> Exercise objective
Return the entries that follow exactly, with no images.

Available data START

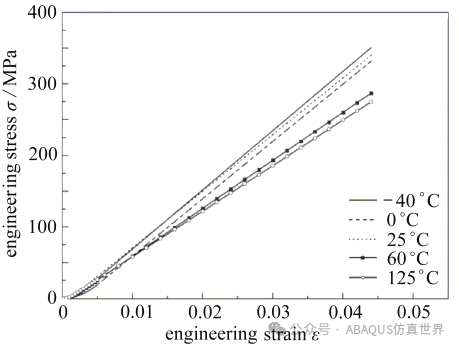 通过拉伸实验测定FR-4在不同温度下的弹性模量。实验选用带恒温箱的微机控制电子万能试验机,试样和仪器如图3所示,应力-应变曲线如图4所示。实验结果列于表1。
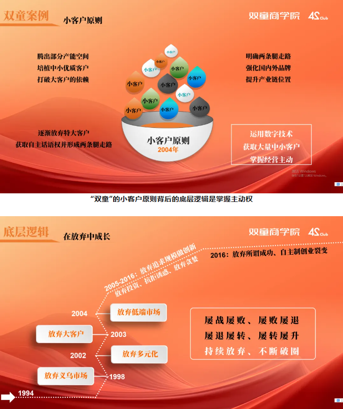 經(jīng)濟(jì)市場瞬息萬變,一根小吸管如何在數(shù)字化浪潮下獲得長足的發(fā)展?創(chuàng)始人樓仲平逐步放棄過往積累的特大客戶,轉(zhuǎn)而實行更有自主性的“小客戶原則”。 樓仲平老師還分享了“雙童”不斷“開門”破圈形成的獨特競爭策略和戰(zhàn)略定位。
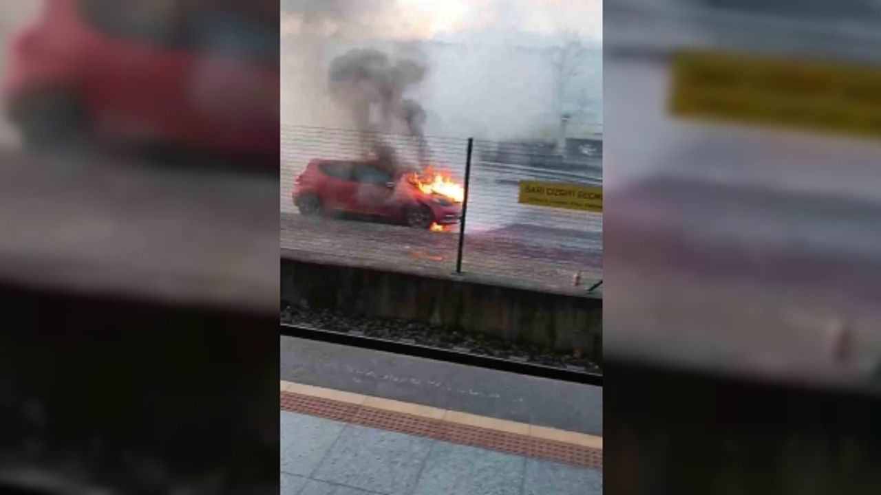 Bursa’da seyir halindeki otomobil bir anda alev alırken o anlar cep telefonu kamerasına yansıdı.
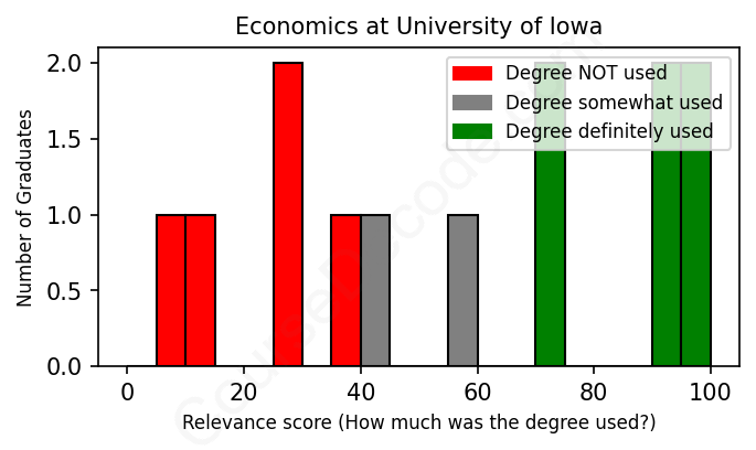 The verdict? Below average. Overall, with an average relevance score of 57%, Economics graduates from University of Iowa have a lower likelihood (-10%) of finding work in this field compared to the average graduate across all fields:
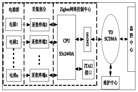 伴隨著城市經(jīng)濟(jì)的迅猛發(fā)展,電梯作為一種垂直交通工具,它的應(yīng)用日益廣泛。然而電梯的故障檢測和及其維護(hù),特別是電梯遠(yuǎn)程監(jiān)控的作用就顯得極為重要。但是國內(nèi)在用的大多數(shù)電梯由于不能及早的預(yù)測電梯的運(yùn)行故障而常常出現(xiàn)電梯困人、蹲底、沖頂、溜梯等突發(fā)情況。經(jīng)研究發(fā)現(xiàn),罪魁禍?zhǔn)资请娞輧?nèi)各種待測信號(hào)繁多,不便于布線且目前常用的2.5G 傳輸網(wǎng)絡(luò)不能滿足大量數(shù)據(jù)傳輸?shù)男枨蟮仍颉R虼耍芯坎㈤_發(fā)基于zigbee 技術(shù)+3G 傳輸網(wǎng)絡(luò)的多電梯遠(yuǎn)程監(jiān)控系統(tǒng)具有很大的工程實(shí)際意義。
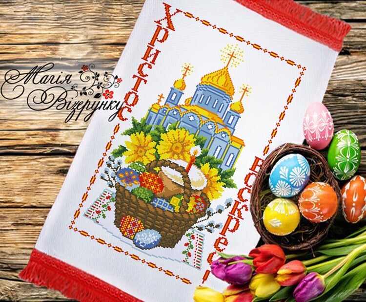 Набір містить заготовку на пасхальний рушник РП-40 для вишивки бісером або нитками з нанесеним малюнком-схемою та інструкцію до вишивання від виробника “Магія Візерунку”. В інструкції до вишивання вказані кольори та кількість бісеру фірми Preciosa.
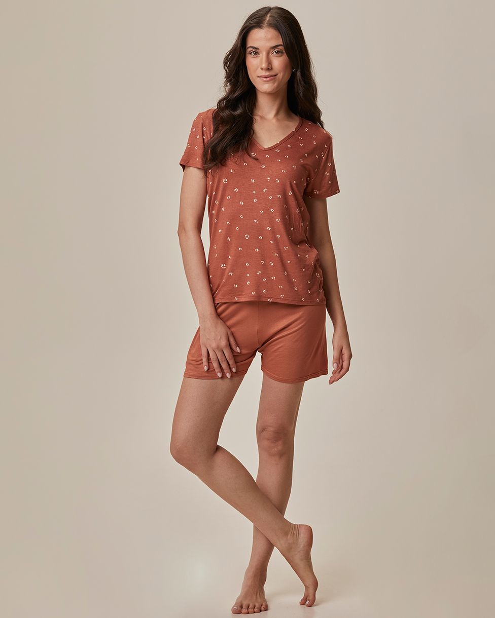 Pijama Curto Feminino Blusa Estampada E Shorts Meia Coxa Em Viscose Stretch Marrom - XGG
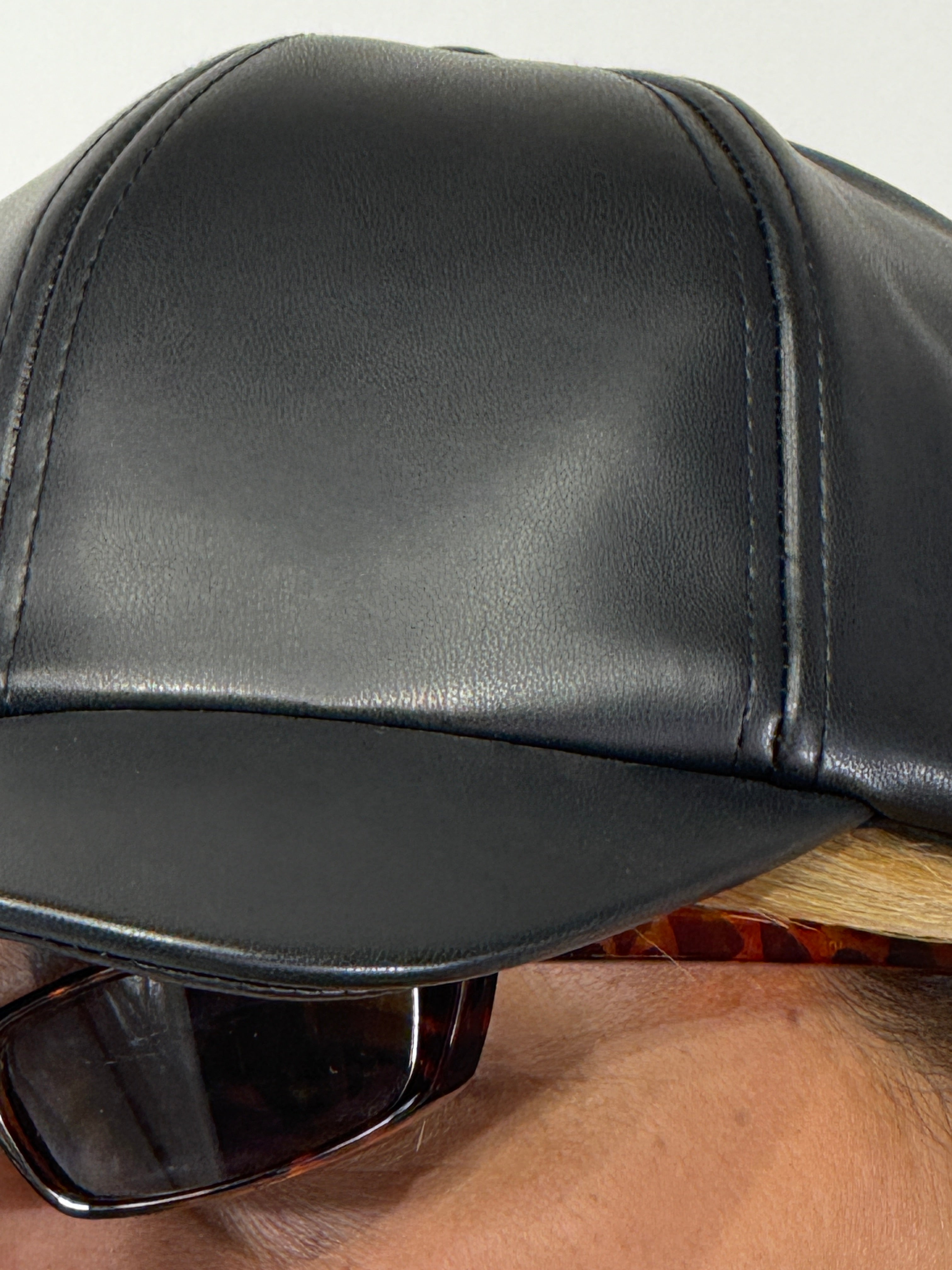 Cappello con visiera in ecopelle. Diponibile Nero e Marrone

Available data END

> Answer space
 通过拉伸实验测定FR-4在不同温度下的弹性模量。实验选用带恒温箱的微机控制电子万能试验机,试样和仪器如图3所示,应力-应变曲线如图4所示。实验结果列于表1。
 經(jīng)濟(jì)市場瞬息萬變,一根小吸管如何在數(shù)字化浪潮下獲得長足的發(fā)展?創(chuàng)始人樓仲平逐步放棄過往積累的特大客戶,轉(zhuǎn)而實行更有自主性的“小客戶原則”。 樓仲平老師還分享了“雙童”不斷“開門”破圈形成的獨特競爭策略和戰(zhàn)略定位。
 Bursa’da seyir halindeki otomobil bir anda alev alırken o anlar cep telefonu kamerasına yansıdı.
 The verdict? Below average. Overall, with an average relevance score of 57%, Economics graduates from University of Iowa have a lower likelihood (-10%) of finding work in this field compared to the average graduate across all fields:
 伴隨著城市經(jīng)濟(jì)的迅猛發(fā)展,電梯作為一種垂直交通工具,它的應(yīng)用日益廣泛。然而電梯的故障檢測和及其維護(hù),特別是電梯遠(yuǎn)程監(jiān)控的作用就顯得極為重要。但是國內(nèi)在用的大多數(shù)電梯由于不能及早的預(yù)測電梯的運(yùn)行故障而常常出現(xiàn)電梯困人、蹲底、沖頂、溜梯等突發(fā)情況。經(jīng)研究發(fā)現(xiàn),罪魁禍?zhǔn)资请娞輧?nèi)各種待測信號(hào)繁多,不便于布線且目前常用的2.5G 傳輸網(wǎng)絡(luò)不能滿足大量數(shù)據(jù)傳輸?shù)男枨蟮仍颉R虼耍芯坎㈤_發(fā)基于zigbee 技術(shù)+3G 傳輸網(wǎng)絡(luò)的多電梯遠(yuǎn)程監(jiān)控系統(tǒng)具有很大的工程實(shí)際意義。
 Набір містить заготовку на пасхальний рушник РП-40 для вишивки бісером або нитками з нанесеним малюнком-схемою та інструкцію до вишивання від виробника “Магія Візерунку”. В інструкції до вишивання вказані кольори та кількість бісеру фірми Preciosa.
 Pijama Curto Feminino Blusa Estampada E Shorts Meia Coxa Em Viscose Stretch Marrom - XGG
 Cappello con visiera in ecopelle. Diponibile Nero e Marrone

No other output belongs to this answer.